Kartal, 20 günlükken kalbine bir mikrop girdi. Kalp yetmezliği teşhisi kondu. Daha evine gidemeden yoğun bakıma alındı.
Tedavilere olumlu yanıt vermedi. Durumu giderek ağırlaşınca tek seçenek kaldı: Kalp nakli. Gel gör ki, Türkiye’de bebeklere kalp nakli yapılamıyordu.
Kartal, Almanya’daki bir hastane tarafından kabul edildi. Ailesi son kuruşuna kadar imkanlarını kullanmıştı ama bir yerden sonra onların da gücü kalmamıştı. Annesi son çare sosyal medya hesabına sarıldı: “Sigortamız olmadığı ve Almanya vatandaşı olmadığımız için Kartal’ın kalp nakli sırasına girip ameliyat olması için 1 milyon 100 bin Euro’ya ihtiyacımız var. Oğlumun acilen kalp nakli olması gerekiyor.

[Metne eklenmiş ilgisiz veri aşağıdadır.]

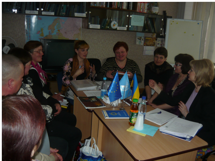
Зустріч під час моніторингової місії Європейської Комісії.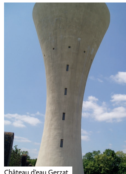
Château d'eau Gerzat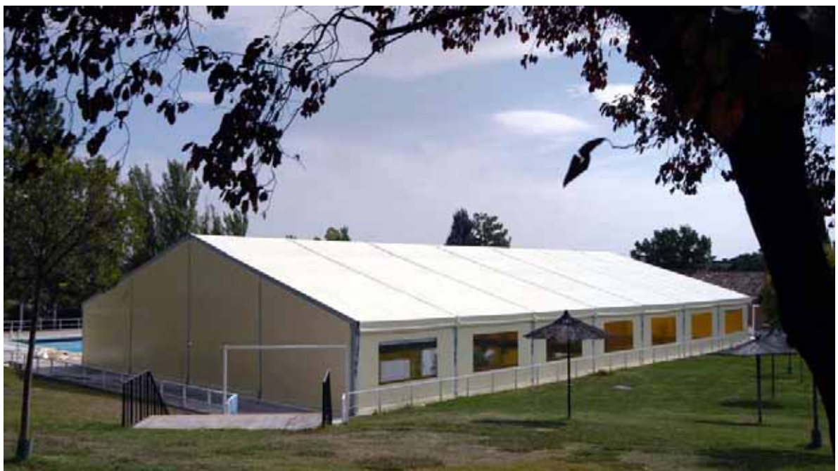
Real Automóvil Club de España (Ciudalcampo)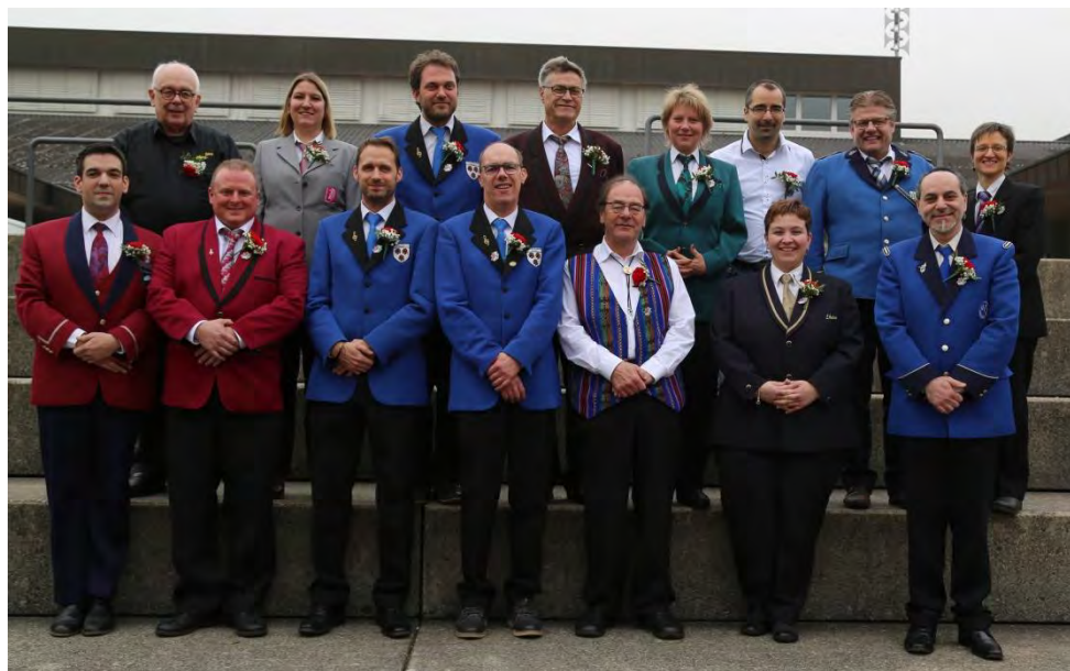
Les vétérans jurassiens pour 25 ans de musique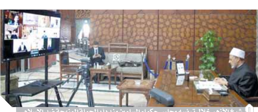
الشيخ الأزهر خلال ترؤسه مجلس حكماء المسلمين مندداً بالحملة الممنهجة ضد الإسلام

اليمنى الذى يستهدف تشويه الإسلام وترسيخ فكرة الإصافه بالإرهاب والانغزالية، ويروج للعداء ضد المسلمين. وأكد المجلس أن مواجهة هذا الإساءات ستكون من خلال القضاء وبالطرق القانونية، إيماناً من المجلس بأهمية مقاومة خطاب الكراهية والفتنة بالطرق السلمية والعقلانية والقانونية. وطالب المجلس المسلمين أيضاً بمواجهة خطاب الكراهية عبر المطالبة بسن تشريعات دولية تجرم التحريض على الكراهية والتمييز ومعاداة الإسلام، مطالباً بعلاء الغرب ومكبريه بالتندى للحملة الممنهجة على الإسلام ومعاداته والنزج به إلى ساحات الصراعات الانتخابية والسياسية وتهنئة البيئة الصحية للتعايش والأخوة الإنسانية. ومن جهة أخرى هنا مجلس جامعة الأزهر الأمة الإسلامية والرئيس السيسى والشعب المصرى بالمولد النبوى الشريف وأيد موقف الإمام الأكبر د. أحمد الطيب فى مواجهة الإساءة للرسول ومقاضاة «شارلى إيدو».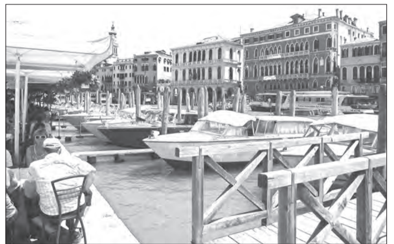
Italské Benátky. U nás parkují auta, tady lodě. Který pohled je hezčí?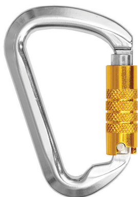
Conector desmontable. Mosquetón AA 014DT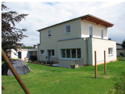
Bild 24 ...wird ein mineralisches Wärmedämmverbundsystem mit 100mm Mineralwöldämmung

Bize yardım edin.”
★
Bugüne kadar Türkiye’de sosyal medyanın birilerini linç etmek - yok etmek için kullanıldığına çok şahitlik etmiştik.
Ama bu sefer farklı oldu. İlk kez sosyal medya bir insanın yok olmamasına, hayata tutunmasına vesile oldu.
İlk kez sosyal medya ayrışmanın değil, birleşmenin-kenetlenmenin aracı oldu.
Minik Kartal’a ilk destek Beşiktaş kulübünden geldi... Ardından sanatçılar, gazeteciler, spor kulüpleri, holdingler...
Bir ülke minik bebeği yaşatmak için adeta seferberlik ilan etti.
★
Ve dün Kartal’ın annesi, daha duyuruyu yapalı 24 saat olmadan müjdeli haberi ağlayarak verdi: “Mucize gerçekleşti, para toplandı.”
★
Meğer ne çok hasret kalmışız iyi şeyler görmeye, güzel haberler duymaya...
Bir millet küçücük bir bebeğe el uzatırken, hayata tutunan sadece 10 aylık Kartal bebek değil, hepimizdik.
Kartal’a uzanan milyonlarca gönüllü el gösterdi ki, burası aslında bu güzel kalpli insanların ülkesi...
Bu toprakların, bu milletin, bu ülkenin bir parçası olabilen herkese, hepimize ne mutlu.